### Record extracts

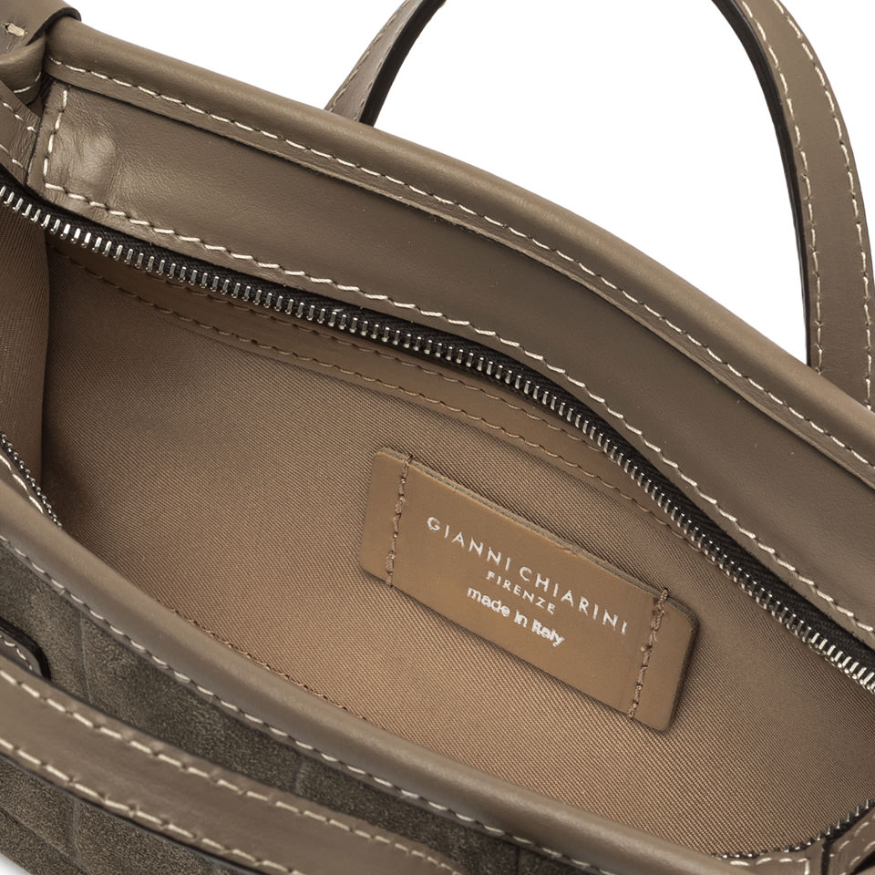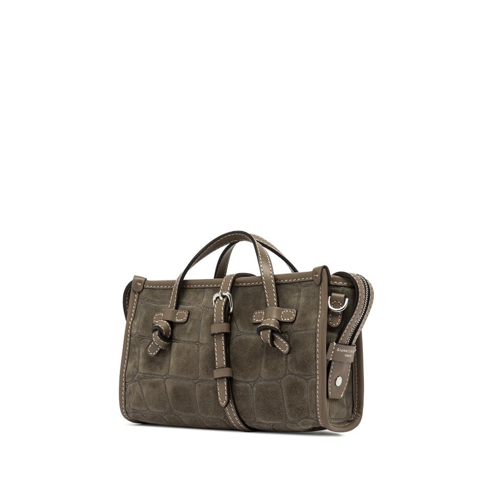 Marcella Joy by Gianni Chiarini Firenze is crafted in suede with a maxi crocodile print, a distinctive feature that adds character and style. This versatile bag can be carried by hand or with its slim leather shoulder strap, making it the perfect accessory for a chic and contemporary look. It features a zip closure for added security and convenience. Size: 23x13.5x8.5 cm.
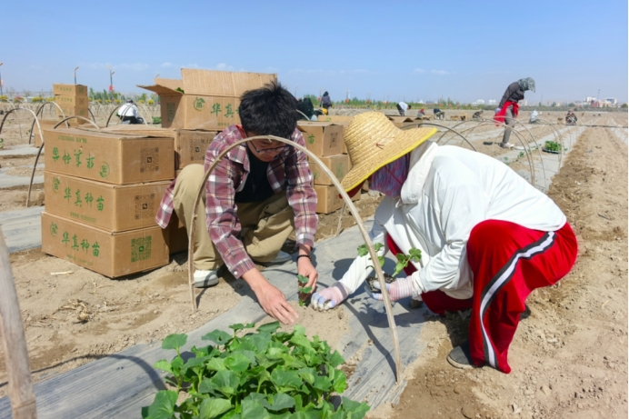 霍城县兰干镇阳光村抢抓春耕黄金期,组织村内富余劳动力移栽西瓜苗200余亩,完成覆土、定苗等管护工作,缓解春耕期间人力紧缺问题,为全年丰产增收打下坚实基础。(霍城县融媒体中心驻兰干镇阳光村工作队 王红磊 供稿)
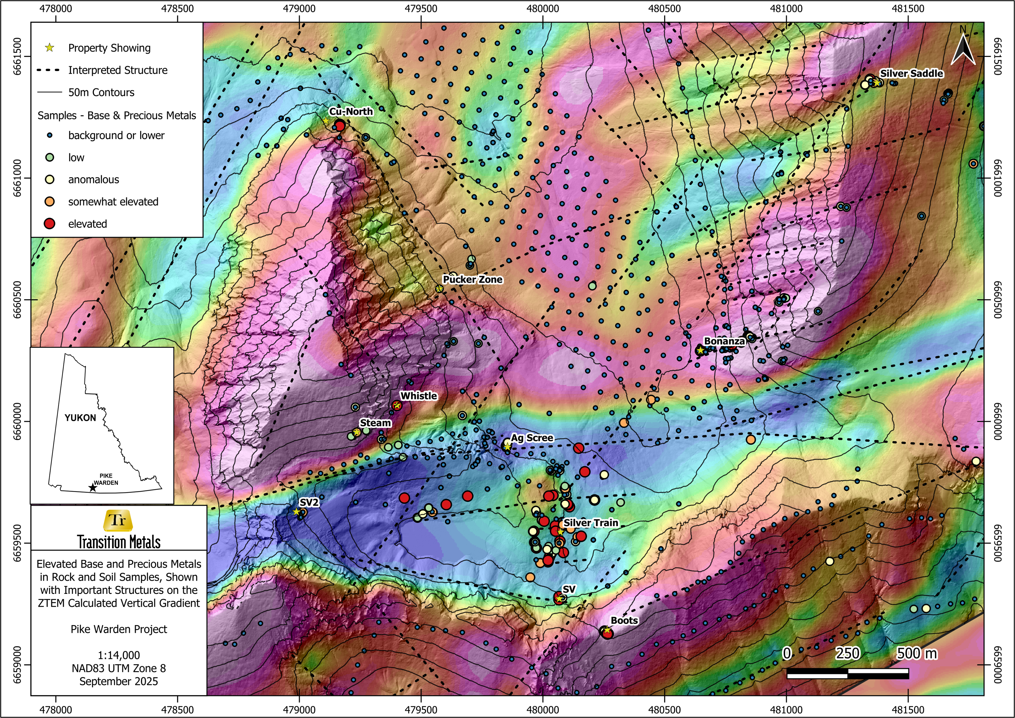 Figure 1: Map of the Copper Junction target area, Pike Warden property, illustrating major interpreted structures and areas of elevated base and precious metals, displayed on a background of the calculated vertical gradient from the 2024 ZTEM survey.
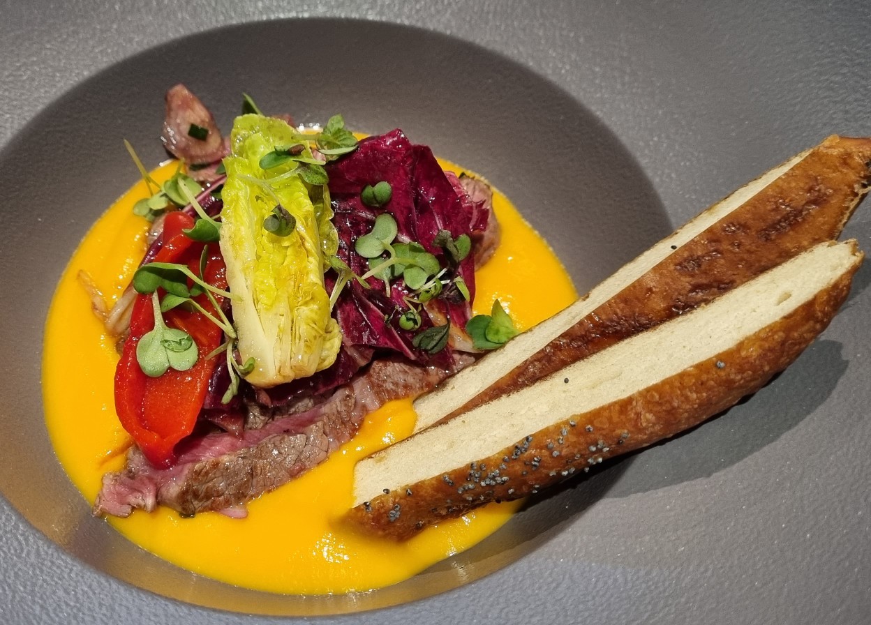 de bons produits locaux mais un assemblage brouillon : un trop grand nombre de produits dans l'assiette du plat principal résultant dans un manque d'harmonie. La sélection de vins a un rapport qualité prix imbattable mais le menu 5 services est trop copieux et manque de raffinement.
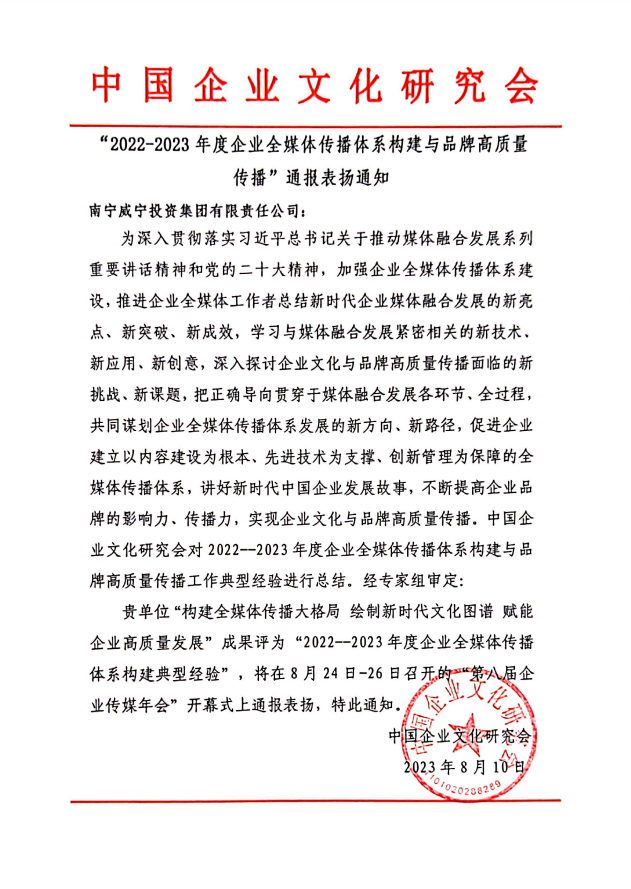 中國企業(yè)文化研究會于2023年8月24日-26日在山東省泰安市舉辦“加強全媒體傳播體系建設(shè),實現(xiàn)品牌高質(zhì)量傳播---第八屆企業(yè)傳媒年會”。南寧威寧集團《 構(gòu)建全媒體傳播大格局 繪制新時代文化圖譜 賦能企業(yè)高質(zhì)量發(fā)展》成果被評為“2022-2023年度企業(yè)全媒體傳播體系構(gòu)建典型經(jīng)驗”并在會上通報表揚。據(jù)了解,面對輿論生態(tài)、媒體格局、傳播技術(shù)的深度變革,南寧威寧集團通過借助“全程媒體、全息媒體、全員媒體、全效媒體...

### Action item
Quote the data above in full and without alteration; skip the pictures.

### Problem solution
 Marcella Joy by Gianni Chiarini Firenze is crafted in suede with a maxi crocodile print, a distinctive feature that adds character and style. This versatile bag can be carried by hand or with its slim leather shoulder strap, making it the perfect accessory for a chic and contemporary look. It features a zip closure for added security and convenience. Size: 23x13.5x8.5 cm.
 霍城县兰干镇阳光村抢抓春耕黄金期,组织村内富余劳动力移栽西瓜苗200余亩,完成覆土、定苗等管护工作,缓解春耕期间人力紧缺问题,为全年丰产增收打下坚实基础。(霍城县融媒体中心驻兰干镇阳光村工作队 王红磊 供稿)
 Figure 1: Map of the Copper Junction target area, Pike Warden property, illustrating major interpreted structures and areas of elevated base and precious metals, displayed on a background of the calculated vertical gradient from the 2024 ZTEM survey.
 de bons produits locaux mais un assemblage brouillon : un trop grand nombre de produits dans l'assiette du plat principal résultant dans un manque d'harmonie. La sélection de vins a un rapport qualité prix imbattable mais le menu 5 services est trop copieux et manque de raffinement.
 中國企業(yè)文化研究會于2023年8月24日-26日在山東省泰安市舉辦“加強全媒體傳播體系建設(shè),實現(xiàn)品牌高質(zhì)量傳播---第八屆企業(yè)傳媒年會”。南寧威寧集團《 構(gòu)建全媒體傳播大格局 繪制新時代文化圖譜 賦能企業(yè)高質(zhì)量發(fā)展》成果被評為“2022-2023年度企業(yè)全媒體傳播體系構(gòu)建典型經(jīng)驗”并在會上通報表揚。據(jù)了解,面對輿論生態(tài)、媒體格局、傳播技術(shù)的深度變革,南寧威寧集團通過借助“全程媒體、全息媒體、全員媒體、全效媒體...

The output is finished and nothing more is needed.